You can pass arguments as python keyword arguments, for example:

import ee
ee.Initialize()

# This function adds a time band to the image.
def createTimeBand(image):
  # Scale milliseconds by a large constant.
  return image.addBands(image.metadata('system:time_start').divide(1e18))

# This function adds a constant band to the image.
def createConstantBand(image):
  return ee.Image(1).addBands(image)

# Load the input image collection: projected climate data.
collection = (ee.ImageCollection('NASA/NEX-DCP30_ENSEMBLE_STATS')
  .filterDate(ee.Date('2006-01-01'), ee.Date('2099-01-01'))
  .filter(ee.Filter.eq('scenario', 'rcp85'))
  # Map the functions over the collection, to get constant and time bands.
  .map(createTimeBand)
  .map(createConstantBand)
  # Select the predictors and the responses.
  .select(['constant', 'system:time_start', 'pr_mean', 'tasmax_mean']))
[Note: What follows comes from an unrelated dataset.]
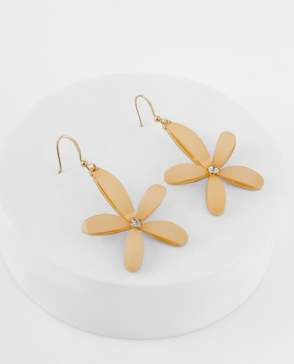 Aretes colgantes flor dorada con centro brillante

# Compute ordinary least squares regression coefficients.
linearRegression = (collection.reduce(
  ee.Reducer.linearRegression(
    numX= 2,
    numY= 2
)))

# Compute robust linear regression coefficients.
robustLinearRegression = (collection.reduce(
  ee.Reducer.robustLinearRegression(
    numX= 2,
    numY= 2
)))

# The results are array images that must be flattened for display.
# These lists label the information along each axis of the arrays.
bandNames = [['constant', 'time'], # 0-axis variation.
                 ['precip', 'temp']] # 1-axis variation.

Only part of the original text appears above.